Agnico-Eagle Agrees to Assign Debt to Stornoway for Shares

01/30/2007

Stornoway Diamond Corporation (the "Company") announces that it and Agnico-Eagle Mines Limited ("Agnico") have entered into an agreement (the "Agreement") under which the Company has agreed to issue shares to Agnico in exchange for the assignment of a promissory note evidencing funds owed to Agnico by the Company's wholly-owned subsidiary, Contact Diamond Corporation ("Contact"). The Company completed its acquisition of Contact on January 17, 2007.

The Agreement, which is subject to the approval of the Toronto Stock Exchange, requires Agnico to assign the promissory note and all indebtedness evidenced thereby to the Company in exchange for 3,207,861 common shares of the Company. As at the effective date of the Agreement, principal and interest totaling $4,009,825.87 were due under the promissory note. The shares to be issued to Agnico will be issued at a deemed value of $1.25 per Stornoway share, and are to be distributed pursuant to an exemption from applicable securities laws; accordingly, the shares will be subject to a 4-month hold period. Upon this transaction, Agnico-Eagle will hold 25,805,692 shares of Stornoway, or 14.8% of the issued and outstanding equity. Given the simplicity of the transaction, that the shares are being issued at a premium to market and the transaction size relative to the Company, the Company considers it reasonable to close the transaction promptly after receipt of conditional acceptance from the Toronto Stock Exchange.

Eira Thomas, President and CEO of Stornoway, commented "We are very pleased that Agnico-Eagle has agreed to increase their investment in Stornoway by way of the exchange of the promissory note, and view this development as a strong endorsement of the growth strategy of the company".

On January 16th 2007 Stornoway announced the completion of the amalgamation of a wholly owned subsidiary with Ashton Mining of Canada, following a special general meeting of Ashton shareholders held on January 15th, 2007. On January 19th 2007 Stornoway further announced the completion of a compulsory acquisition of the outstanding shares of Contact Diamond Corporation.
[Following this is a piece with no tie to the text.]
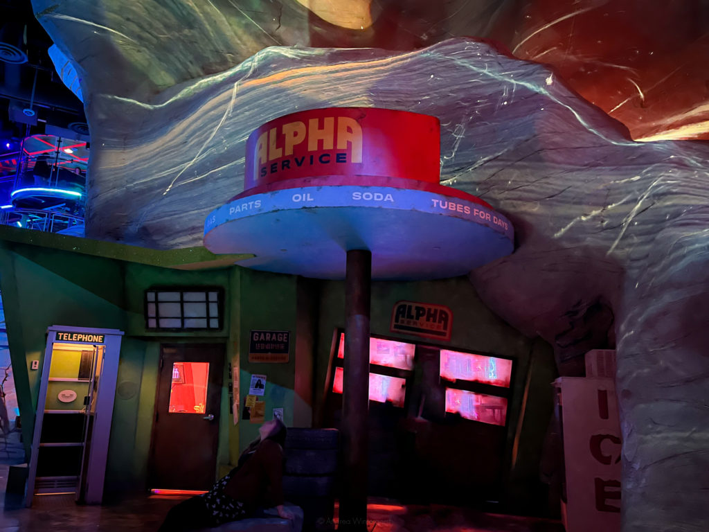The frequent travel through portals took most of my energy (despite not going on the slides, which are currently closed), so, exhausted from my sleuthing, I found myself wandering into the bar hidden behind the store’s pharmacy.

The successful completion of these transactions now allows Stornoway the opportunity to advance Canada's leading portfolio of diamond exploration and development assets.

About Stornoway

Stornoway Diamond Corporation is one of Canada's leading diamond exploration and development companies. The Company and its affiliates have been responsible for discovering over 150 kimberlites and six new Canadian diamond districts. Stornoway's management and technical team has a proven track record in wealth creation for shareholders and direct operating experience in each segment of the diamond "pipeline" from exploration to marketing.
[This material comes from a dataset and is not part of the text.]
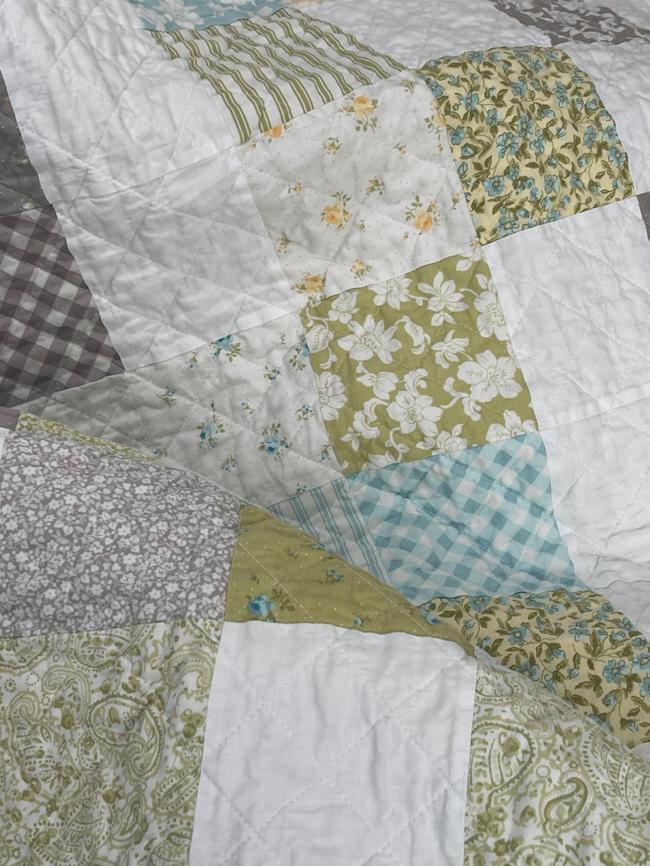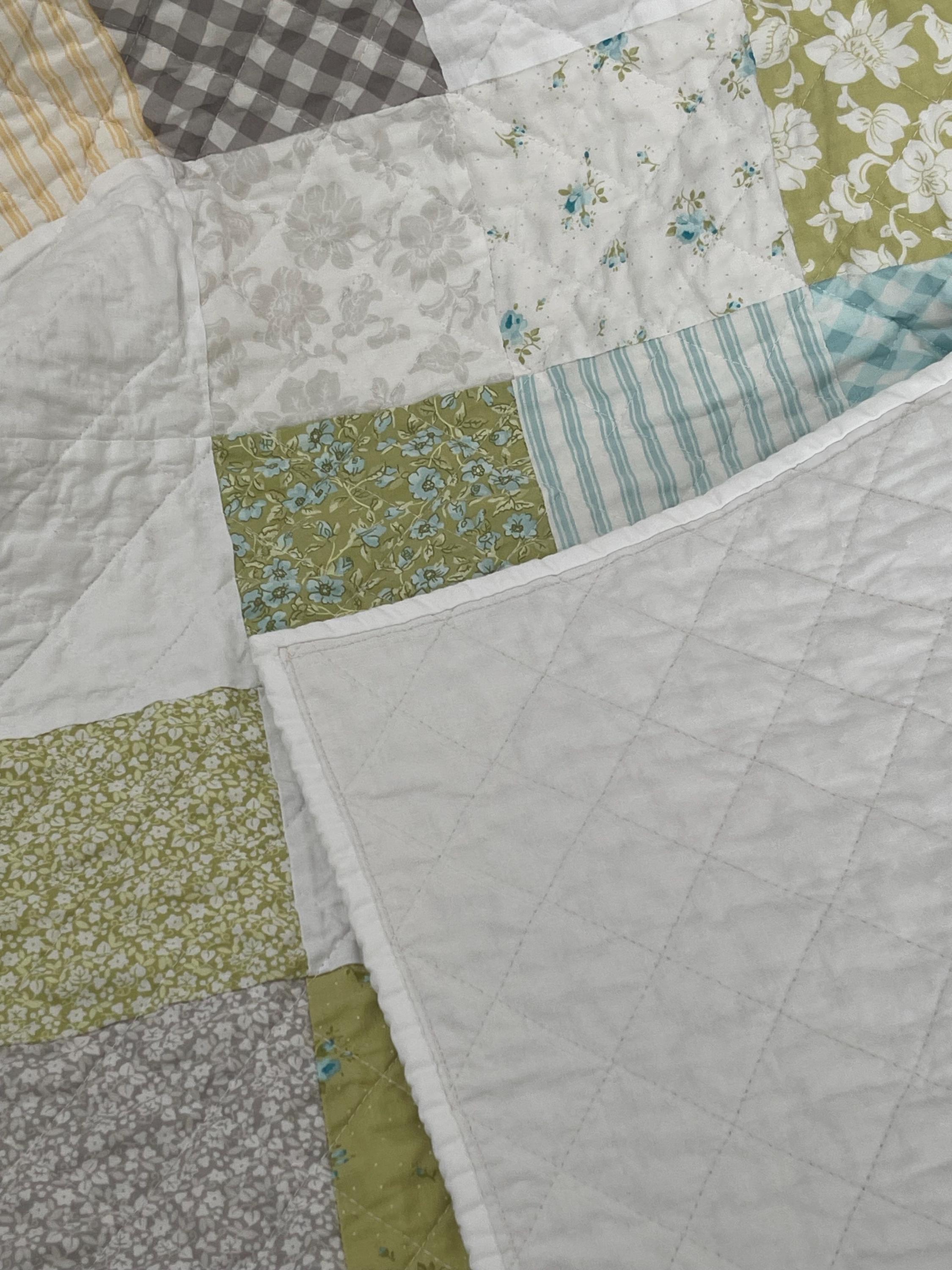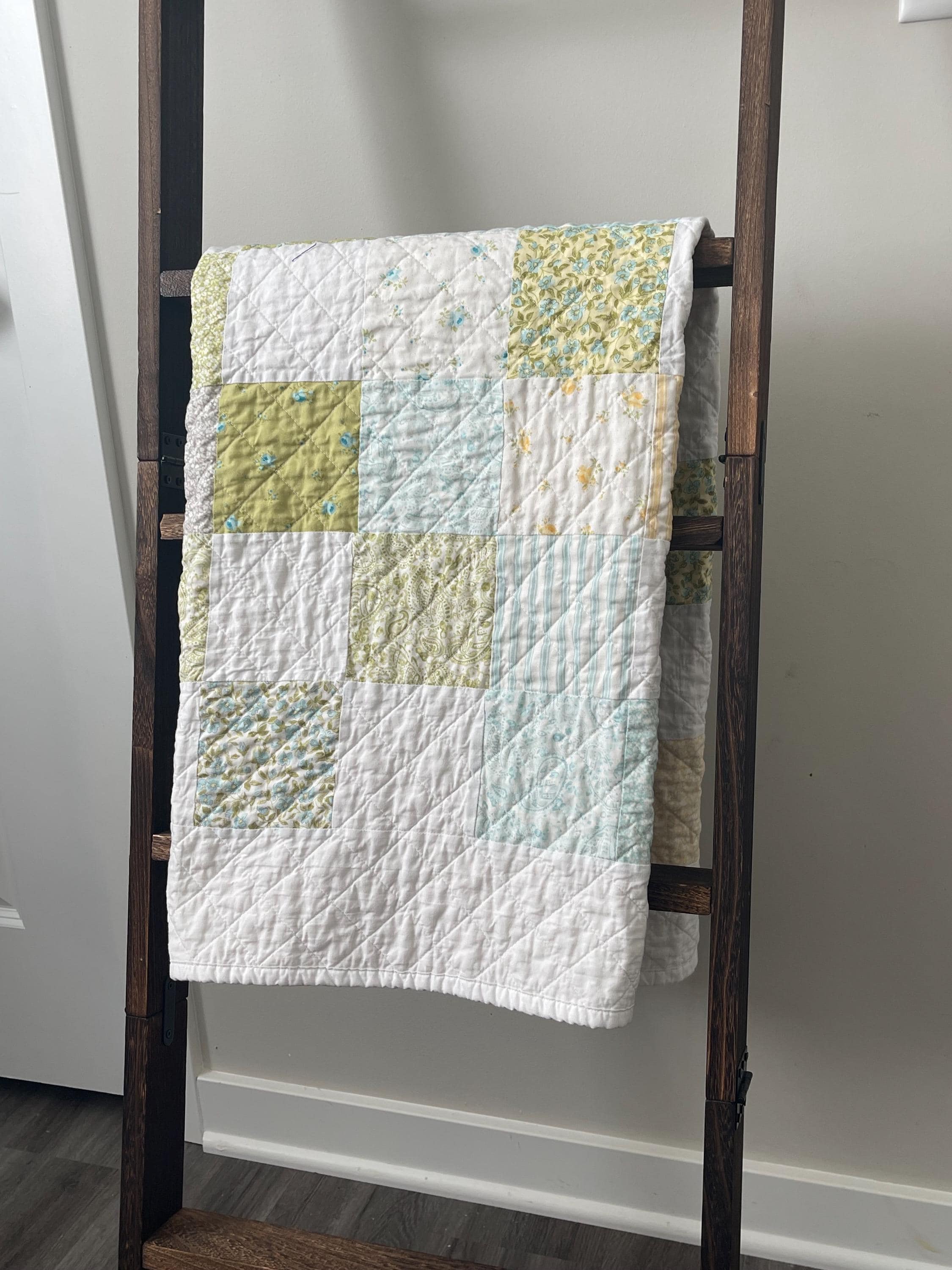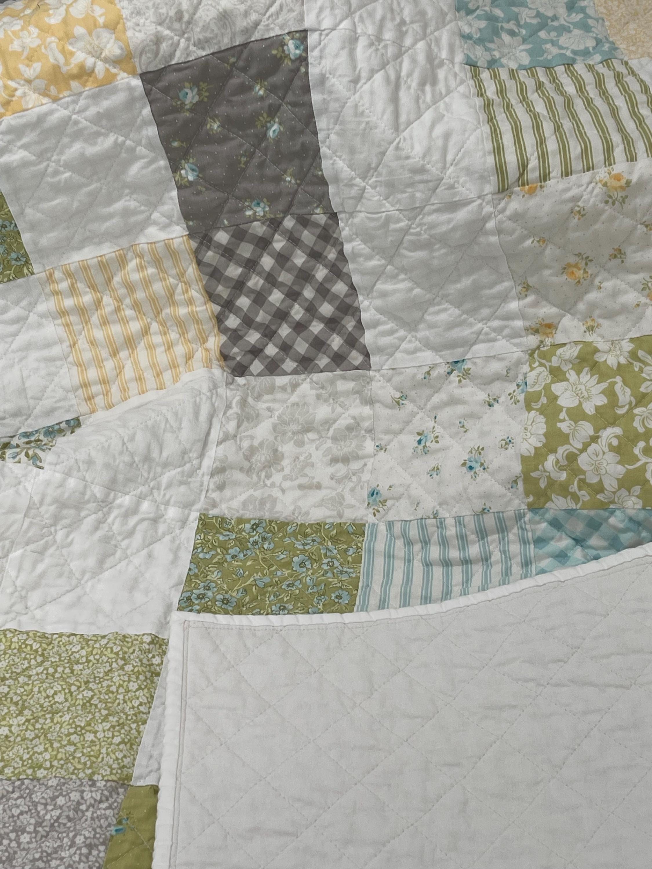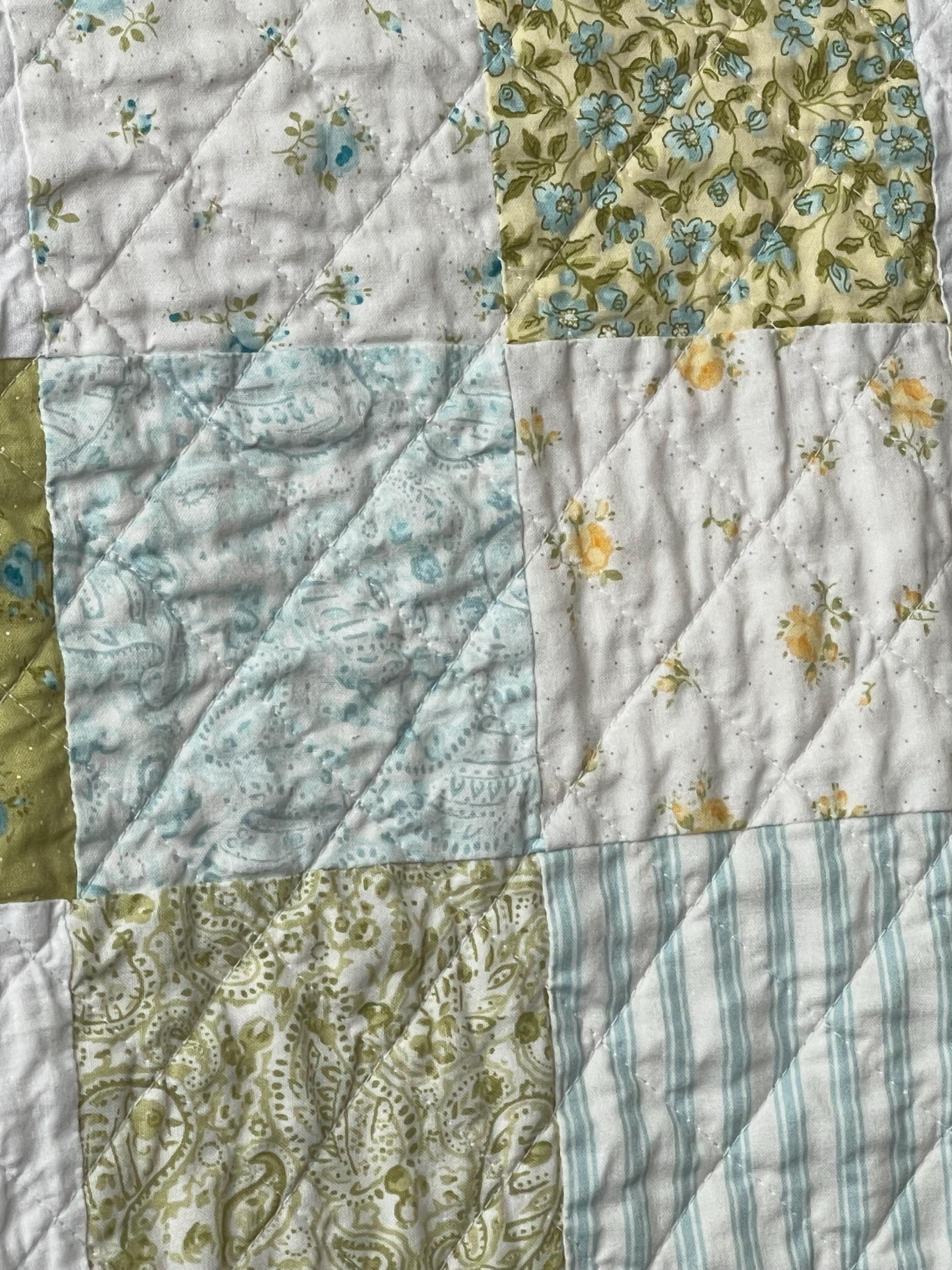 Wrap your little one in timeless comfort with this one-of-a-kind handmade baby quilt. Carefully crafted with high-quality cotton fabrics, this quilt features a charming patchwork design in soft pastel tones of yellow, green, aqua, and white, accented with delicate floral and gingham prints. The soothing color palette makes it a perfect addition to any nursery—ideal for both boys and girls.

In Quebec, Stornoway has a 50% interest in the Renard Diamond Project through its 100% owned subsidiary Ashton Mining of Canada Ltd. Renard is currently undergoing a 10,000 tonne bulk sample ahead on an expected pre-feasibility study in 2007-2008. Elsewhere, Stornoway has advanced stage diamond exploration projects in Nunavut, Alberta and Ontario and exposure to over 20 million acres of prospective diamond properties across Canada and in Botswana.

On behalf of the Board
STORNOWAY DIAMOND CORPORATION
/s/ "Eira Thomas"
Eira Thomas

For further information, please contact Nick Thomas at 604-331-2259 or (888) 338-2200
** Website: www.stornowaydiamonds.com Email: info@stornowaydiamonds.com **

This news release may contain forward looking statements, being statements which are not historical facts, including, without limitation, statements regarding potential mineralization, exploration results, resource or reserve estimates, anticipated production or results, sales, revenues, costs, "best-efforts" financings or discussions of future plans and objectives. There can be no assurance that such statements will prove accurate. Such statements are necessarily based upon a number of estimates and assumptions that are subject to numerous risks and uncertainties that could cause actual results and future events to differ materially from those anticipated or projected. Important factors that could cause actual results to differ materially from the Company's expectations are in Company documents filed from time to time with the Toronto Stock Exchange and provincial securities regulators, most of which are available at www.sedar.com. The Company disclaims any intention or obligation to revise or update such statements.